# Any group in Fairfax area looking for a player?



## Hammerforge (Jun 28, 2007)

Hi,

I'm looking to join a group, or perhaps even start one if need be. I know D&D 3.5 is pretty much the system of choice on this board, but I am also open to other systems such as GURPS, Savage Worlds, or HARP. I'm even willing to run an Eberron campaign eventually, though not right away. I live in Manassas but am relatively close to Fairfax and Chantilly.

As far as times go, Saturdays and Sundays are really not good for me. Fridays are the best, though not every Friday.

Just reply to this post if you're interested.

Thanks.


----------



## Cyronax (Jun 29, 2007)

Hi Hammerforge,

I'm putting together a new group in Alexandria that will probably play on Saturdays 2-3 times a month, in case you happen to find your Saturdays free ever (though you said they were not ..... oh well). It'll be a 3.5 D&D game in a somewhat generic Greyhawk/Mystara type world, but it will also have lots of new stuff as well. 

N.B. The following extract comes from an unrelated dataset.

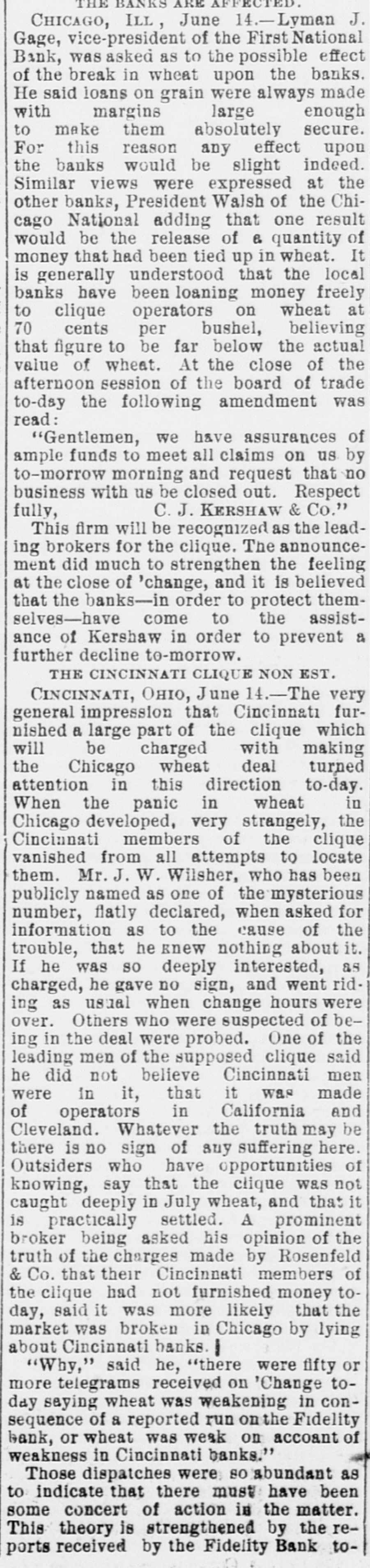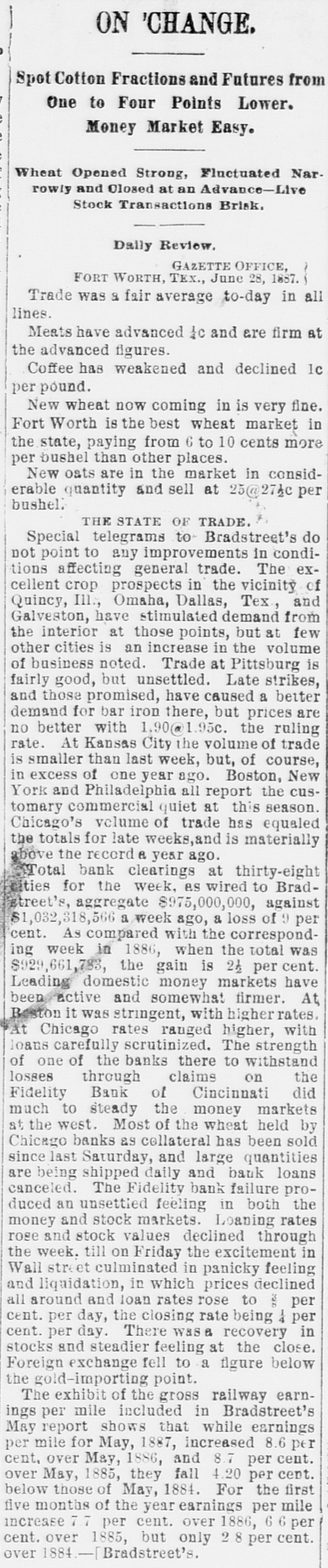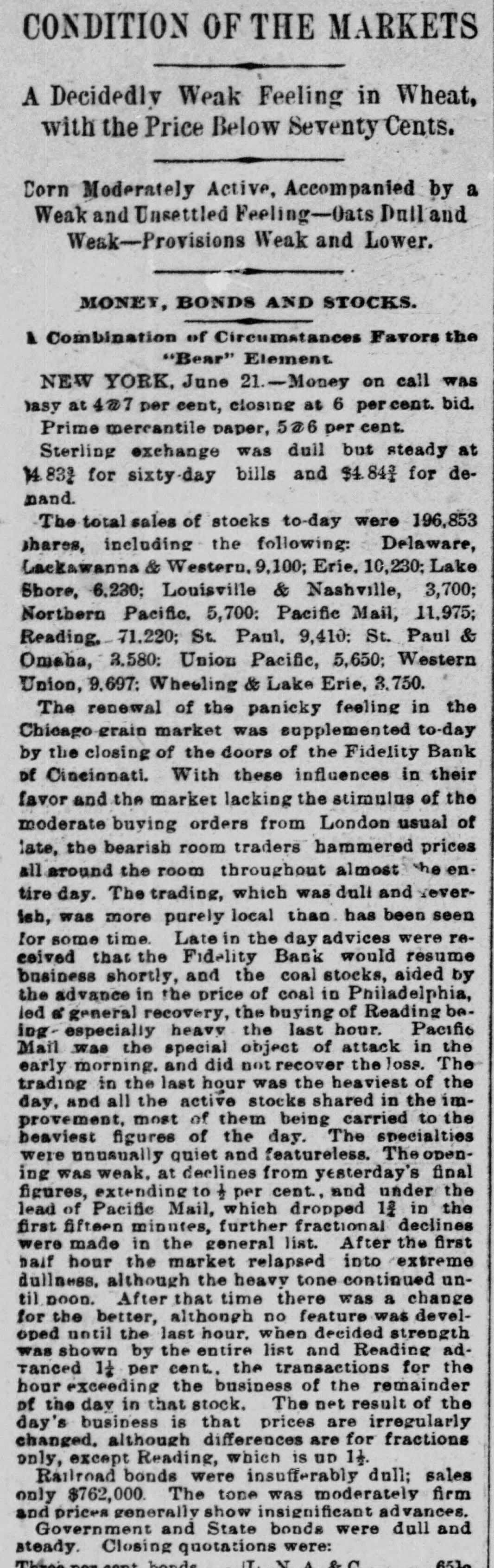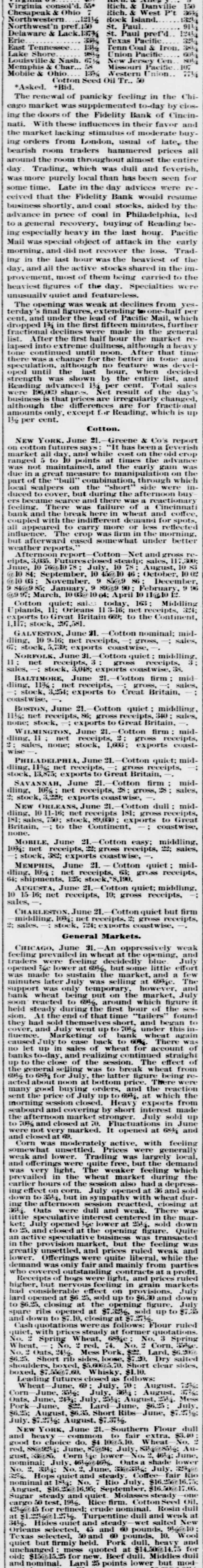 Erie Texas Pacific 396 324 East Tennessee 1314 l'enn Coal & Iron. 3814 Lake Shore Union Pacific 981/2 60% Louisville & Nash. 671/8 New Jersey Cen 804 Memphis & Char... 58 Missouri Pacific. 107 Mobile & Ohio 1396 Western nion. 7734 Cotton Seed Oil Tr.. 50 *Asked. +Bid. The renewal of panicky feeling in the Chicago market was supplemented to-day by closing the doors of the Fidelity Bank of Cincinnati. With these influences in their favor and the market lacking stimulus of moderate buy ing orders from London, usual of late, the bearish room traders hammered prices all around the room throughout almost the entire day Trading, which was dull and feverish. was more purely local than has been seen for some time. Late in the day advices were received that the Fidelity Bank would resume business shortly, and coal stocks, aided by the advance in price of coal in Philadelphia, led to a general recovery, buying of Reading being especially heavy in the last hour. Pacific Mail was special object of attack in the early morning, and did not recover the loss. Trading in the last hour was the heaviest of the day. and all the active stocks shared in the improvement, most of them being carried to the heaviest figures of the day. Specialties were unusually quiet and featureless. The opening was weak at declines from yes. terday final figures, ading to one-half per cent, and under the lead of Pacific Mail, which dropped 14 in the first fifteen minutes, further fractional declines were made in the general list. After the first half hour the market relapsed into extreme dullness, although a heavy tone continued until noon. After that time there was a change for the better in tone and speculation, although no feature was developed until the last hour, when decided strength was shown by the entire list, and Reading vanced 11/4 per cent. Total sales were 196,000 shares. Net result of the day's business is that prices are irregularly changed, although the differences are for fractional amounts only, except for Reading, which is up 11/2 per cent. Cotton. NEW YORK. June Greene & Co's report on cotton futures says "It has beena feverish market all day, and while cost on the old erop ranged to 10 points at times the advance was not maintained, and the early gain was due in great measure to manipulation on the part of the "bull" combination, through which local scalpers on the "short" side were induced to cover, but during the afternoon buy ers became scarce and there was a reactionary feeling. There was failure of a Cincinnati bank and the break here in wheat and coffee, coupled with the indifferent demand for spots, all appeared to earry more or less reflected influence. The erop was firm in the morning. but afterward eased somewhat under better weather reports. Afternoon report Cotton Net and gross reeipts, 3,035. Futuresclosed steadp; sales, 11 Jnue, 10 76@10 78 July 10 78 August, 10 83 @ 10 84; September, 10 45@10 46 October, 10 02 @10 03 November. 9 85@9 86 December, 9 84@9 85; January, 9 89@9 90 February, 9 96 @997; March, 1003@ 10 04; April 10 11@10 Cotton quiet; sales today 163 Middling Uplands, 11; Orleans 11 3-16; net receipts, 324; exports to Great Britain 669; to the Continent, 1,117; stock, 297,581. GALVESTON, June 21. Cotton nominal: middling, 10 9-16; net receipts, gross, -; sales, 67: stock, 5,739; exports coastwise, NORFOLK, June 31. Cotton quiet: middling. 11: net receipts, 3 gross receipts, 3: sales, stock, 3,048; exports coastwise, 38. BALTIMORE, June 21. Cotton firm mid dling, 11% net receipts, gross, sales, stock, 3,254; exports to Creat Britain, coastwise, BOSTON, June 21. Cotton quiet middling, 11½; net receipts, 86; gross receipts, 340 sales, none; stock, exports to Great Britain, WILMINGTON, June 21. Cotton firm middling, 11 net receipts, 2: gross receipts, : sales, none; stock, 1,603; exports coastwise PHILADELPHIA, June 21. Cotton quiet: middling, 11%; net receipts, gross receipts, stock, 13,875; exports to Great Britain, SAVANNAH, June 21. Cotton firm middling, 10% net receipts, 28; gross, 28 sales, : stock, 3,229; exports coastwise, NEW ORLEANS, June 21. Cotton dull middling, 10 11-16; net receipts 181; gross receipts, 181: sales, 750; stock, 89,030; exports to Great Britain, to the Continent, coastwise, none. MOBILE, June 21.- Cotton easy; middling, 1034: net receipts, 2: gross receipts, = sales, i stock, 382: exports coastwise, MEMPHIS, June 21. Cotton quiet middling, 104 net receipts, 63; gross receipts, 64; shipments, 125; stock,"8,190. AUGUSTA, June 21. Cotton quiet; middling, 10 15 16; net receipts, 10; gross receipts, sales, CHARLESTON. June 21. Cotton quiet but firm middling, 10%; net receipts, = gross receipts, 2: sales. stock, 724; exports coastwise, General Markets. CHICAGO, June 31.-An oppressively weak feeling prevailed in wheat at the opening, and traders were feeling decidedly blue July opened 3/4e lower at 69%, but some little effort was made to sustain the market, and a few minutes later July was selling at 69%c. The support was only temporary, however, and bank wheat being put on the market, July soon reacted to 69%, around which figure it held steady during the first hour of the session. At the end of that time "tailers" found they had sold themselves short, and began to cover, and July went up to 70% under this influence. Marketing bank wheat again caused July to ease back to 60% There was no let up in sales of wheat for account of banks to-day, and realizing continued straight up to the close of the session. The effect of the general selling was to break wheat from 6916 to 6834 for July, the latter figure being reacted about noon at bottom price. There were many good buying orders, and the reaction sent the price of July up to 69%, at which the morning session closed. Heavy exports from seaboard and covering by short interest made the afternoon market stronger. July sold up to 70% and closed at 20. Fluctuations in June were not very marked. It opened at 68% and 69. an

Shoot me a PM if you'd like to hear more. 

C.I.D.


----------



## Hammerforge (Jun 29, 2007)

Cyronax said:
			
		

> Hi Hammerforge,
> 
> I'm putting together a new group in Alexandria that will probably play on Saturdays 2-3 times a month, in case you happen to find your Saturdays free ever (though you said they were not ..... oh well). It'll be a 3.5 D&D game in a somewhat generic Greyhawk/Mystara type world, but it will also have lots of new stuff as well.
> 
> ...




Sounds tempting, but I honestly couldn't make it on very many Saturdays. Gaming on a Saturday would be the exception rather than the norm, unless it happened early (like noon to 6 p.m. or something like that).


----------